Larry Jewett's avatar

“never even got a reply other than vague, unrelated platitudes.“

At least years ago you used to get platitudes written by a human.

Now you just get vague, unrelated botitudes (attitudes expressed by bots) if you get a reply at all

Ibon Urrutia's avatar

And another thing, US libertarians, please stop saying the nonsense that in USA you don't regulate as much as in EU. You are regulating that those companies can not be sued. You are regulating that nobody can make them responsible of their own products. That is the strongest possible regulation. You are putting those companies over any law other companies have to follow. They could sell poison and you will regulate in favor. Free market? Don't make me laugh.

Ibon Urrutia's avatar

Working class engineer repeating that probability of error in LLMs follow a power law here. Nobody is going to insurance a sigma event generator machine. No-f***-body. This is why I have already seen 2 startups in Y-combinator with insurance for agents as business model. Well, the real business model is to have legal and funds in Bahamas or Bermuda, and run with the money as soon as the big claim appears (it will appear 100% sure about that, the law of the big numbers and all that stuff). They know it. Nobody is going to insurance a sigma event generator machine. So what regulation can not do, the market will destroy. Germany is the first pointing, but EU will follow. GDPR is a beautiful acronym, you'll see people speaking about that also.

Jim Ryan's avatar

Well Scam may be for regulation now if it keeps his competitors from getting too far ahead of him.To paraphrase Karl Bodde, the tech isnt the problem, it is all the people behind it that we need to worry about. Talk about terrible people -and terrible liars, all of them. They just care about how much money it can make them. Screw everyone else

Gary Marcus's avatar

that was 2023

Larry Jewett's avatar

How quickly the time goes by when one is having fun.

Sbk's avatar

Time for the law suits to begin.

Brooklyn Expat's avatar

Good point. All of the harms of social media flow from their exemption from regulation, and the opacity of how their algorithms drive engagement. Product liability law will be important because users can’t fully understand or predict the failure states of LLMs. We should encourage labs to develop deterministic guardrails.

Javier Cortes's avatar

“Ok, now I really owe you an apology for writing too much“

Don’t feel bad, we’ll take all we can get!

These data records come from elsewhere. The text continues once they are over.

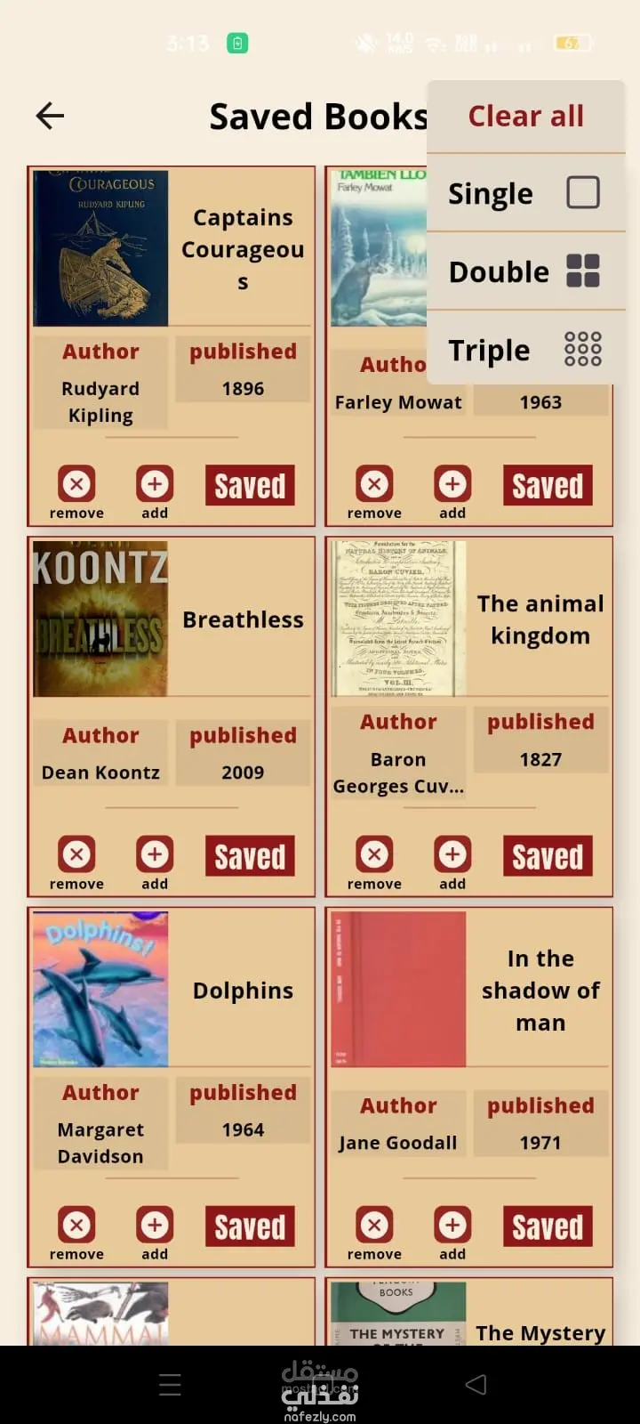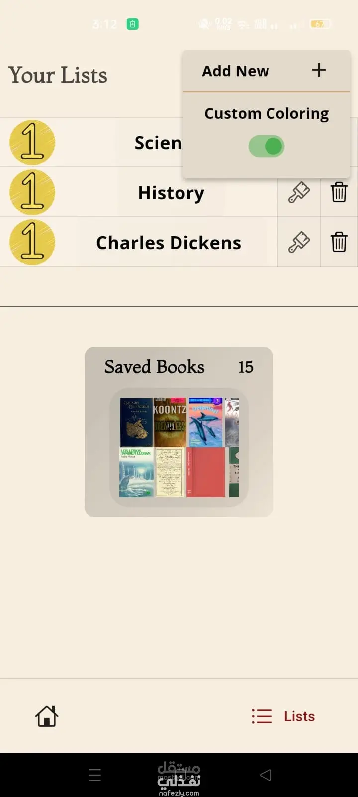 يمكن للمستخدم إنشاء قوائم مخصصة لتنظيم الكتب حسب رغبته، مع وجود قائمة افتراضية باسم "الكتب المحفوظة" للوصول السريع إلى الكتب المفضلة.
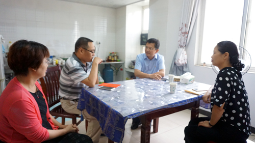 在困难党员教师文传学院李立广老师家里,刘校长详细了解了李老师的情况,对李老师在家庭存在困难的情况下,仍坚持高质量地完成学院的各项工作,并努力提升自己的学业非常感动,他鼓励李老师能尽快完成博士学业,积极面对目前在生活、工作以及学习中的困难,他还希望文传学院给予李老师更多的关怀。
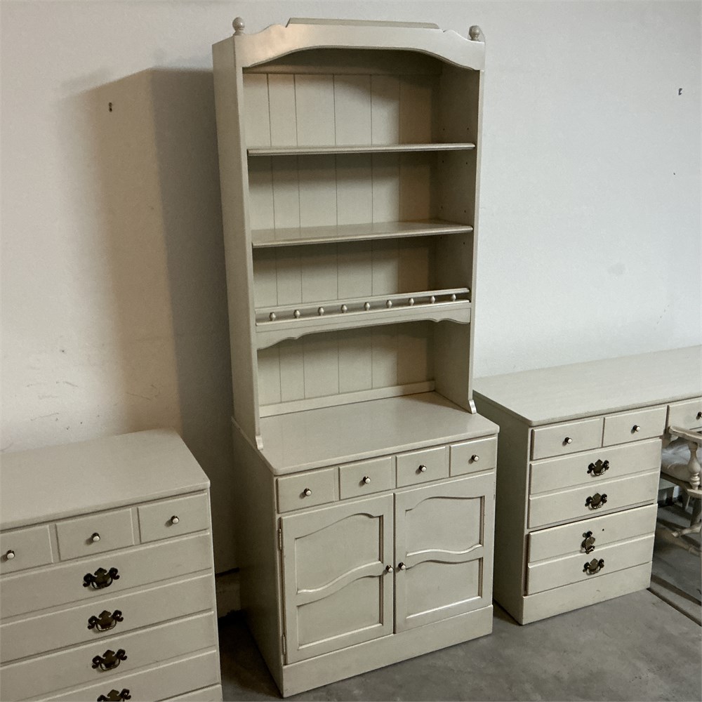 Vintage Ethan Allen Heirloom Collection bedroom furniture set from the Custom Room Plan line, produced circa 1970s–1980s, constructed of solid wood, likely maple, with a cream/off-white painted finish and original antique-brass tone hardware, reflecting Early American and Colonial Revival styling with simple lines, turned elements, scalloped hutch detail, and traditional drawer construction; the coordinated set includes a dresser (48" W × 18.5" D × 30" H), hutch/bookcase cabinet (30" W × 18.5" D × 78" H), vanity/desk (48" W × 18.5" D × 30" H), and nightstand (16" W × 14" D × 27" H), all in overall good vintage condition with surface wear consistent with age and normal use.
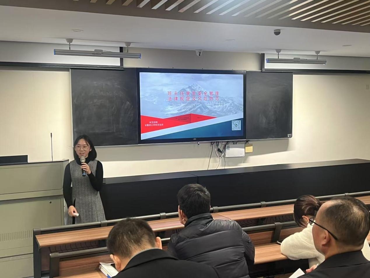 2024年11月24日晚,合肥四中德育“一月一主题”全体班主任培训会于四端楼一楼合班教室举行,本期合肥四中邀请合肥市教育局法务何芳律师开展《班主任学生安全管理法律规定及风险防范》讲座。
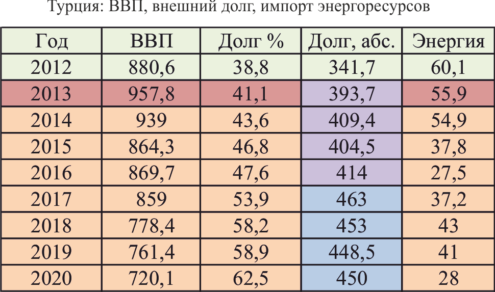 2013 г. – максимум ВВП Турции (Таблица). Долг вырос на $52 млрд, а ВВП на $77,2 млрд. С 2014 г. началось снижение ВВП. Выделяется два периода стабилизации долга: 2014-2016 гг. и 2017-2020 гг. В 2016 г. произошёл небольшой рост ВВП на фоне минимальных затрат на импорт энергоресурсов. В 2017 г. – небольшой спад при резком росте долга – на $49 млрд. Возможно это как-то связано со снижением курса лиры (периодом неустойчивости турецкой валюты). В 2018-2020 гг. долг не рос, ВВП снижался.
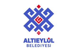 The flag of Altıeylül (photo) is white with the municipality's emblem in the middle. "Belediyesi" means "Municipality".
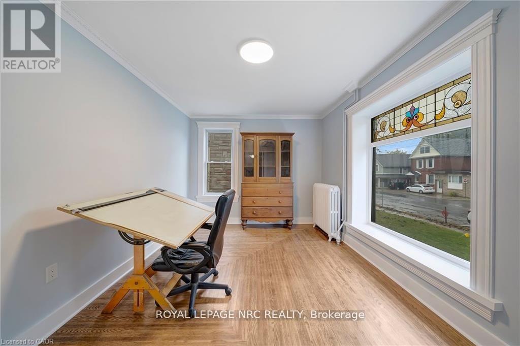 Welcome to 115 West Main Street, a beautifully updated 6-bedroom, 2-bath home in theheart of Welland that perfectly blends old-school charm with today's modern comforts.This versatile property offers endless possibilities - whether you're searching for theperfect family home or a professional space for your business. With commercial zoning,it's ideal for a doctor's office, law firm, or home-based enterprise. Step inside and begreeted by gleaming walnut hardwood floors that seamlessly flow into restored originalhardwood, creating a warm and inviting feel throughout. The main floor features aspacious bedroom with a walk-in closet, a bright updated laundry room, and a largeworking office that can easily serve as a sixth bedroom or meeting space. The new eat-inkitchen is a true showpiece - featuring modern appliances, crisp finishes, and plenty ofspace for family dinners or casual morning coffee. Both bathrooms have been tastefullyrefreshed, and the entire home has been freshly painted, ready for you to move right in.Enjoy peace of mind with practical upgrades including a metal roof, new boiler, and arecently sealed driveway (October). Outside, the covered front porch welcomes you home,while the rear deck and fully fenced yard offer the perfect space to entertain, garden,or relax. The 1.5-car detached garage (also with a metal roof) and large driveway withparking for up to five cars make this home as functional as it is beautiful. Located ona transit line and bus route, this property offers unbeatable convenience - just stepsfrom shopping, restaurants like Bridgewater Brewery, the Welland Historical Museum, andclose to schools, parks, and multiple golf courses all within a short 5-10 minute drive.Move in just in time for the holidays! Whether you're a growing family, a professionalseeking a mixed-use property, or an investor looking for potential, 115 West Main Streetin Welland is perfect for you! (id:64974)

Don Quixote's Reckless Son's avatar

I don't see the issue with Section 230 here. Without it Substack and every comments section on the web would be too big a legal liability and they'd all disappear.

The question here is whether or not Section 230 applies to AI output and I'd agree with the German court's decision.

Nick Hounsome's avatar

This approach will fail precisely because it is currently impossible to fully constrain or even understand what your LLM will say. Either the legal ruling will be overturned or else LLM's will be kept out of that legal jurisdiction by geofencing (the only current solution) and such jurisdictions will be economically crushed by countries, such as China, which will not have such laws.

It's just another example of the establishment's ignorance of technology.